**MATERIAL PROVIDED:**
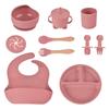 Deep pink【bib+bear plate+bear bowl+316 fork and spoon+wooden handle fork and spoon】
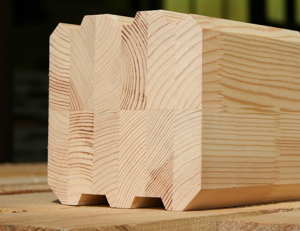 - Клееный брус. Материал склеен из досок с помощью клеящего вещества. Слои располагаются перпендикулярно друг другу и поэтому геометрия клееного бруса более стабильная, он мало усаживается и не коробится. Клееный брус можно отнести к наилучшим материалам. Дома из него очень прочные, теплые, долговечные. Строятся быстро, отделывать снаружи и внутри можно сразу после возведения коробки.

---

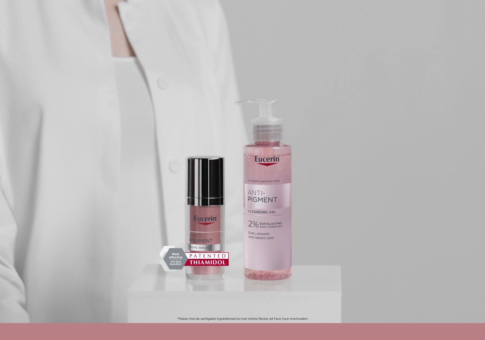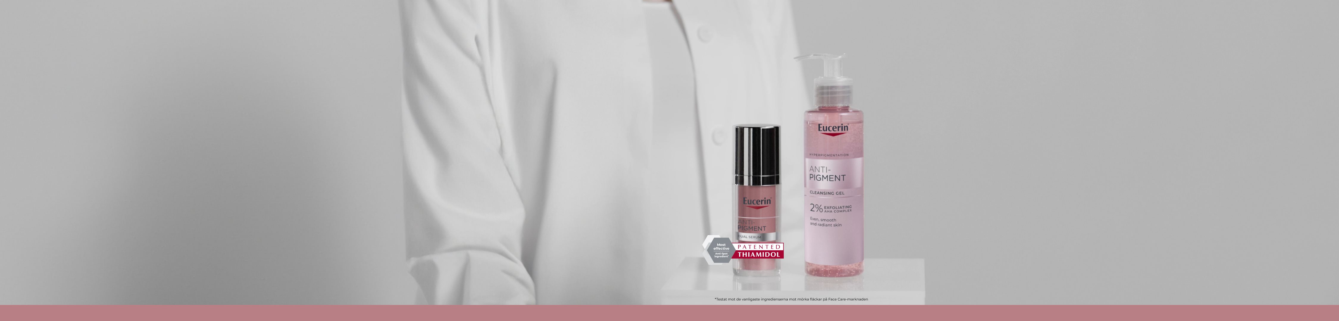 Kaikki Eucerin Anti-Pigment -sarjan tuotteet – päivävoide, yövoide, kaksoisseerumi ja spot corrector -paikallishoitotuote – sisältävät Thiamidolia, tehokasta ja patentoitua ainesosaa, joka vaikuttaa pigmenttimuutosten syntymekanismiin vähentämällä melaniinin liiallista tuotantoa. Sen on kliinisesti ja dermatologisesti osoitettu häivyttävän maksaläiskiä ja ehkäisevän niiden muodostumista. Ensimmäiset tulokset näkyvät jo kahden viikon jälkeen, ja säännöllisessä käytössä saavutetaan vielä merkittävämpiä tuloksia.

* * *

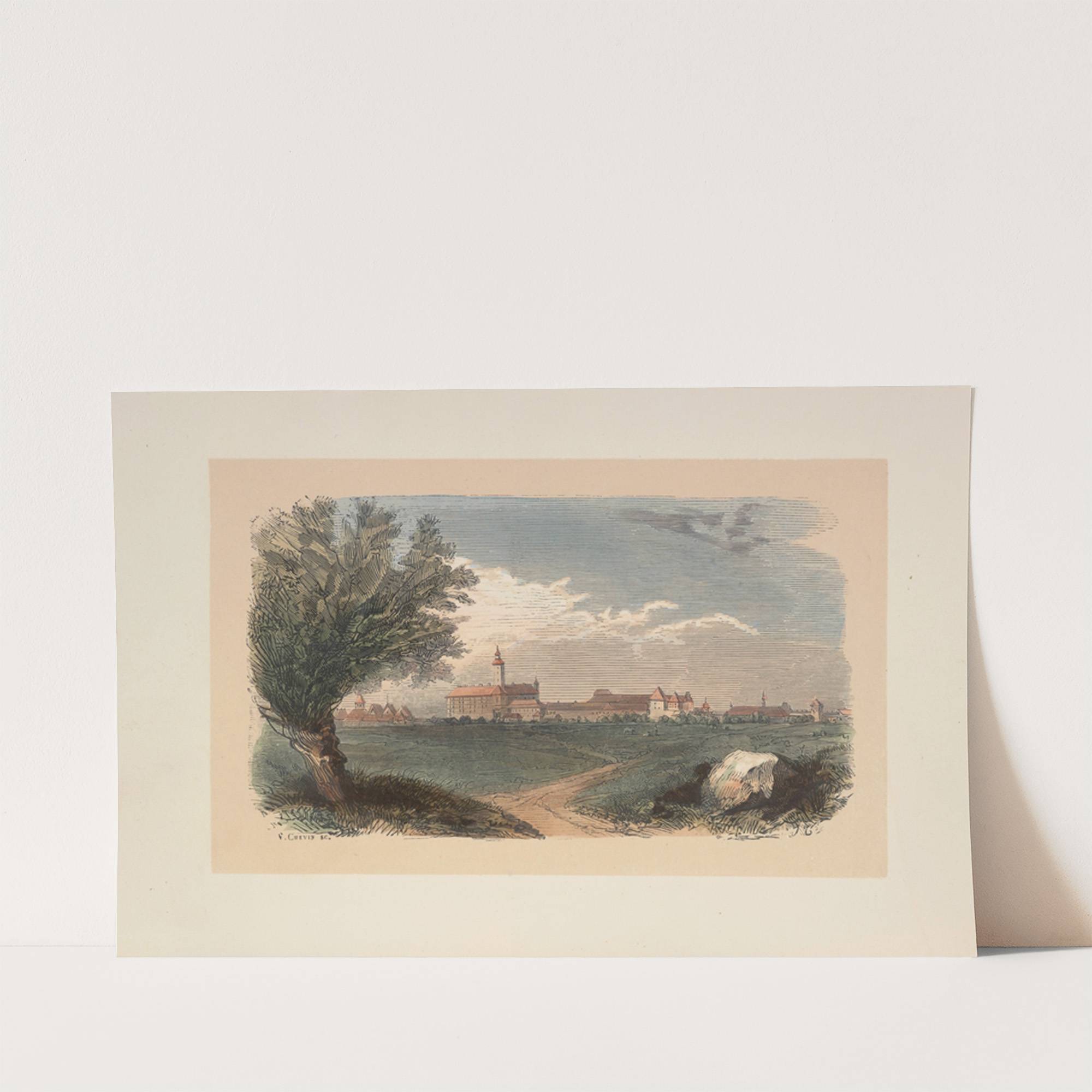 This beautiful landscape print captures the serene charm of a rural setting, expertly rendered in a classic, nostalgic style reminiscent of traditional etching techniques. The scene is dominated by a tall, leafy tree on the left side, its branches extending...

**THE PROBLEM:** Word for word, restate the lines above from the one with "Deep pink【bib+bear plate+bear" through the one with "- Клееный брус.", keeping both ends and dropping the pictures.

**OUTPUT BELOW:**
 Deep pink【bib+bear plate+bear bowl+316 fork and spoon+wooden handle fork and spoon】
 - Клееный брус. Материал склеен из досок с помощью клеящего вещества. Слои располагаются перпендикулярно друг другу и поэтому геометрия клееного бруса более стабильная, он мало усаживается и не коробится. Клееный брус можно отнести к наилучшим материалам. Дома из него очень прочные, теплые, долговечные. Строятся быстро, отделывать снаружи и внутри можно сразу после возведения коробки.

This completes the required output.